So let’s find the remainder for our present case as we did in the previous examples. First, we find the value of $\hspace{0.2em} x \hspace{0.2em}$ for which the divisor becomes $\hspace{0.2em} 0 \hspace{0.2em}$.

$\begin{align*} x - 2 \, &= \, 0 \\[1em] x \, &= \, 2 \end{align*}$

Next, we calculate $\hspace{0.2em} P(2) \hspace{0.2em}$ to get the remainder.

$\begin{align*} P( {\color{Red} 2} ) \, &= \, {\color{Red} 2} ^2 - 3 \cdot {\color{Red} 2} - 5 \\[1em] &= \, -7 \end{align*}$

So if we divide $\hspace{0.2em} P(x) \hspace{0.2em}$ by $\hspace{0.2em} x - 2 \hspace{0.2em}$, it would leave a remainder of $\hspace{0.2em} -7 \hspace{0.2em}$. That means the given polynomial is not divisible by $\hspace{0.2em} x - 2 \hspace{0.2em}$.

If we divide a number, say $\hspace{0.2em} 17 \hspace{0.2em}$, by another number $\hspace{0.2em} (3) \hspace{0.2em}$ we get a quotient $\hspace{0.2em} (5) \hspace{0.2em}$ and a remainder $\hspace{0.2em} (2) \hspace{0.2em}$.

Something similar happens when we divide a polynomial $\hspace{0.2em} P(x) \hspace{0.2em}$ by another polynomial $\hspace{0.2em} (x - c) \hspace{0.2em}$.

In the case of polynomials, the degree of the remainder would always be less than that of the divisor.
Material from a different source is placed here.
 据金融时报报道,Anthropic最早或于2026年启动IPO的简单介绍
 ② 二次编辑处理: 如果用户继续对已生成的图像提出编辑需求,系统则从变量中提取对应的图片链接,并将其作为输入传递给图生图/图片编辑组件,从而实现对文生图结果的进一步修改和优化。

So if the divisor is of the first degree (of the form $\hspace{0.2em} x - c \hspace{0.2em}$), the remainder would have a degree $\hspace{0.2em} 0$. That means it would constant (usually denoted by $\hspace{0.2em} r \hspace{0.2em}$).
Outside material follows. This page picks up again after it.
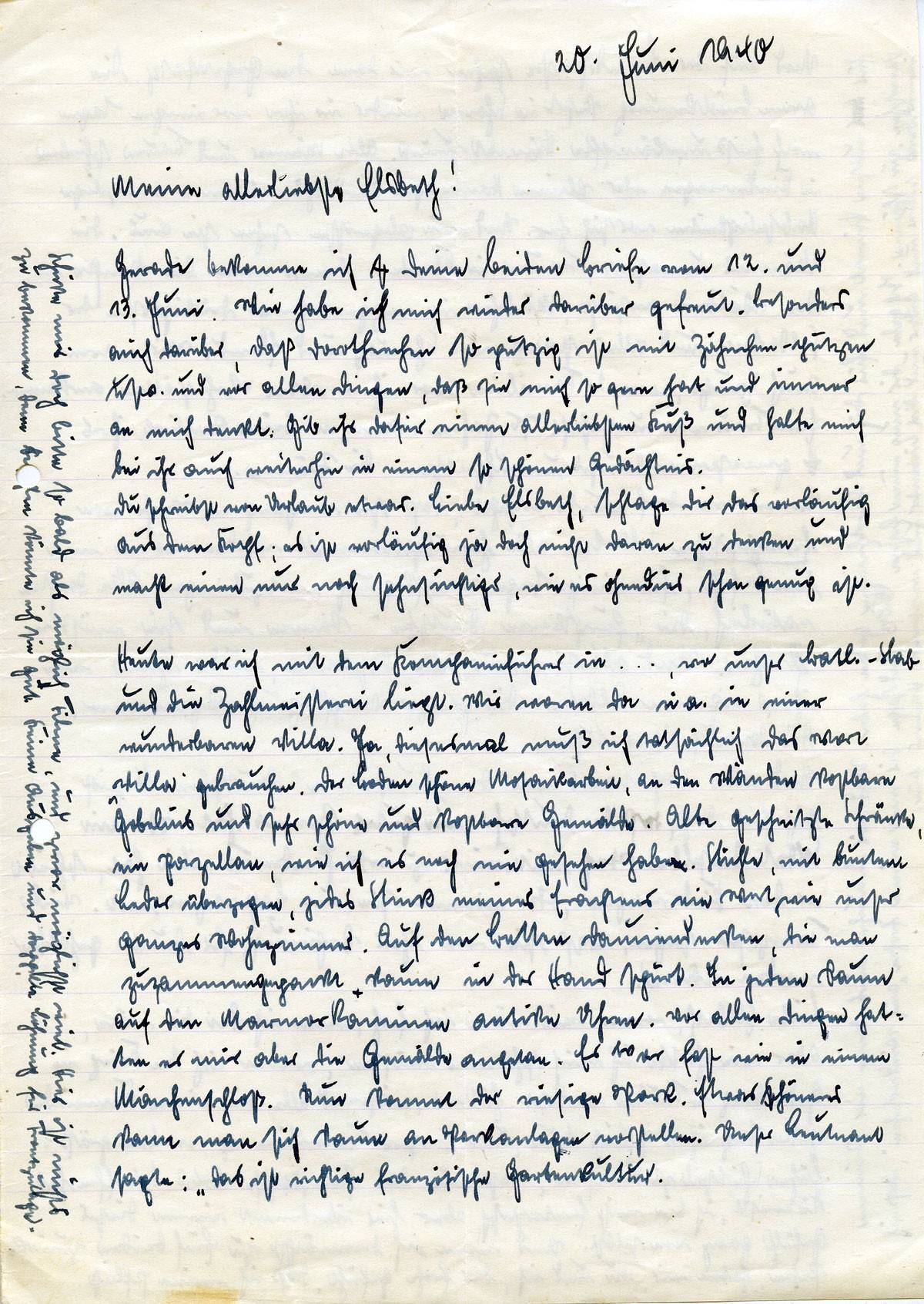 Liebe Elsbeth, wenn wie wäre ich froh, wenn ich bei Dir wäre, aber wie hätte ich mich schämen müssen, wenn ich den Krieg in Godesberg in Freuden verlebt hätte, während alle die vielen Kameraden jeden Tag ihre Pflicht tun, um unsere Familien vor dem gräßlichen Schicksal zu bewahren, daß nun das französische Volk betroffen hat. Du weißt, ich bin nicht fantastisch, aber hier überkommt einen dieses Gefühl ganz von selbst. Und wenn ich demnächst zu Euch beiden zurückkehre, haben wir, Du und ich, das frohe Gefühl, daß ich meine Pflicht

Now, let’s see what happens if we substitute $\hspace{0.2em} c \hspace{0.2em}$ in place of $\hspace{0.2em} x \hspace{0.2em}$.

$\begin{align*} P( {\color{Red} c} ) \, &= \, (c - {\color{Red} c} ) \cdot Q( {\color{Red} c} )+ r \\[1em] P( {\color{Red} c} ) \, &= \, 0 \cdot Q( {\color{Red} c} )+ r \\[1em] P( {\color{Red} c} ) \, &= \, r \end{align*}$

Voila, it gives us the value of the remainder.

We can see that if we divide $\hspace{0.2em} P(x) \hspace{0.2em}$ by $\hspace{0.2em} x - c \hspace{0.2em}$, the remainder would be $\hspace{0.2em} P(c) \hspace{0.2em}$.

If $\hspace{0.2em} x - c \hspace{0.2em}$ is a factor of a polynomial $\hspace{0.2em} P(x) \hspace{0.2em}$, the remainder upon division would be $\hspace{0.2em} 0 \hspace{0.2em}$. And vice-versa. But we also know – from the remainder theorem - that the remainder would be $\hspace{0.2em} P(c) \hspace{0.2em}$.

So, in other words, $\hspace{0.2em} x - c \hspace{0.2em}$ is a factor of $\hspace{0.2em} P(x) \hspace{0.2em}$ if and only if $\hspace{0.2em} P(c) = 0 \hspace{0.2em}$. And that's the factor theorem.

And that brings us to the end of this tutorial on the remainder theorem. Until next time.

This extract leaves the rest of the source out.